Leke sürdünüz canım geceye…

Lanet olsun!

Başkan Adnan Polat’ın konuşması sevgiyle kucakladı herkesi.

Bu gurur abidesini bizlere kazandıranlara tekrar tekrar teşekkür etti Başkan Polat.

Arkasından TOKİ Başkanı konuştu.

Biraz amacını aşan bir konuşma!

Sanırsınız seçim mitingi var. Otobüs üstünde yapılan propaganda gibi…

Ortalık gerildi…

Bir de gaflet vardı satır aralarında;

Taraftarı kışkırtan;

Acz içindeki Galatasaray, gibi…

Bu toplumun hassas dengeleri vardır.

Üst kademe yöneticileri bunları bilmiyorlar mı?

Ne gerek vardı bunlara.

Tepki bunlara kondu.

Sayın Başbakan alındı.

Oysa demokratik toplumlarda alkışı duymak kadar tepkiyi göğüslemek de var.

Herkesi memnun edemezsin ki.

Senden olan da var olmayan da…

Seven de sevmeyen de…

Ama şunu rahatlıkla söyleyebilirim ki;

Sayın Başbakan’a sevgi, tepkiden daha çoktu.

Belki de bir provokasyon!

Ayrıca şahsına yapılan bir şey de yoktu Başbakan’ın.

Reaksiyon konuşanaydı!...

Ben Başbakan’ın yerinde olsam kılımı kıpırdatmaz, Galatasaraylılara severek, gönülden sunduğum -futboldan gelme bir başbakan olarak- bu muhteşem stadın keyfini çıkartırdım koltuğuma gömülerekten...

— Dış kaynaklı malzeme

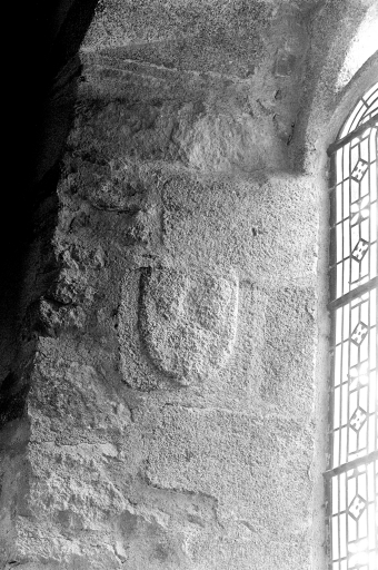 Intérieur, choeur, mur sud, fenêtre : détail de l'écu.Immatriculation
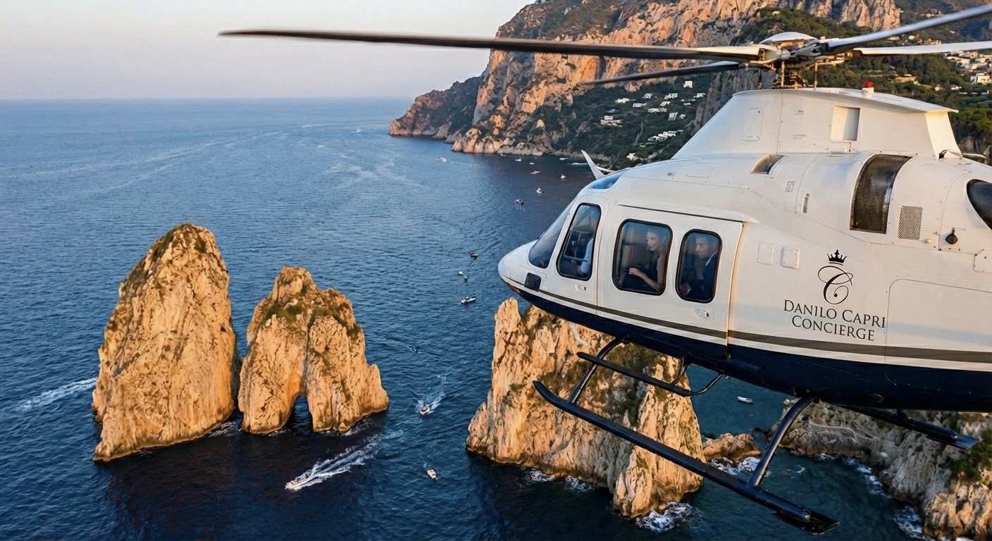 Private VIP Helicopter transfer from Capri Island (Damecuta Airport) to Naples Capodichino. The 20-minute flight offers a fast, exclusive, and scenic journey. The service includes a ground transfer from your hotel in Capri to the Helipad, ensuring a seamless and luxurious door-to-heli experience. All taxes included. Once your booking is confirmed, our office will contact you to request your IDs and verify your luggage details.
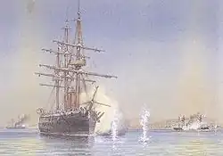 - ↑ Paweł Piotr Wieczorkiewicz: Historia wojen morskich. Wiek pary, Wydawnictwo Puls, Londyn 1995, ISBN 1-85917-030-7 (vol. I & II), s. 225. Pierwszego „skutecznego” użycia torpedy dokonał rosyjski admirał (wówczas jeszcze komandor porucznik) Stiepan Makarow, który kilka miesięcy po potyczce pod Ilo, 25 stycznia 1878 roku zatopił za pomocą torpedy niewielką turecką kanonierkę „İntibah” (s. 245 tamże).
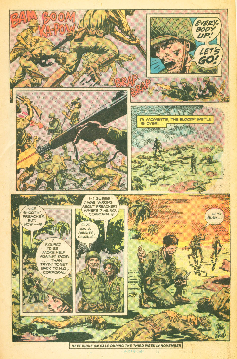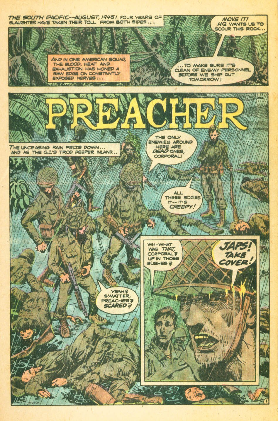 The story is a rote one. It’s the final days of the war, and a group of Marines are ambushed and pinned down by the Japanese. The only man who can be spared to try to break through and get word back to H.Q. about their plight is the company’s Preacher, who has been sneered at as a coward for his reluctance to fight. But of course, the Preacher winds up counter-attacking the enemy soldiers, liberating his unit and proving his valor–and then he kneels to pray over the bodies of his fallen foes.

Hatta bir adım daha da ileri gider Adnan Polat’ta;

Bu seyirciye, bu camiaya yakışır bir takım yarat, derdim.

Stat benden, başarı sizden olsun!

Bu takımı beğenmedim!

Takımı ben de beğenmedim

Galatasaray, şöleni golsüz bitirdi. Ajax gol yemedi.

Ayhan boş kaleye atamadı.

Anıl ayağına doladı.

Ufuk iki gol çıkararak yenilgiyi önledi.

Hagi neden Pino’yu oynatmadı?

Arda neden hala topu ayağından zamanında çıkartmayı öğrenemedi…

Nerede Baroş? Yoksa o da mı hataydı acaba?

Bunları düşüne düşüne evin yolunu tuttum.

Umarım hatalar düzeltilir.

Bu stada yakışacak bir takım kurulur ve tez elden iki forvet bir de kaleci alınır!

Son söz

Türk Telekom Arena’yı gördükten sonra şunları yana yakıla söyleyebilirim;

Nur içinde yat Ali Sami Yen

Tuttuğunuz altın olsun bütün emeği geçenler…

Affedersiniz Sayın Başbakan.

Sayın Recep Tayyip Erdoğan’ın şunu da bilmesini isterim;

Galatasaray camiasında -Allah muhtaç etmesin ama- ihtiyaç olursa bir gün Recep Tayyip Erdoğan’a kanımı verebilirim diyenler de var.

Lütfen Sayın Başbakanım; siz de, yakışıksız bir şekilde oyumu vermem diyenleri affediniz!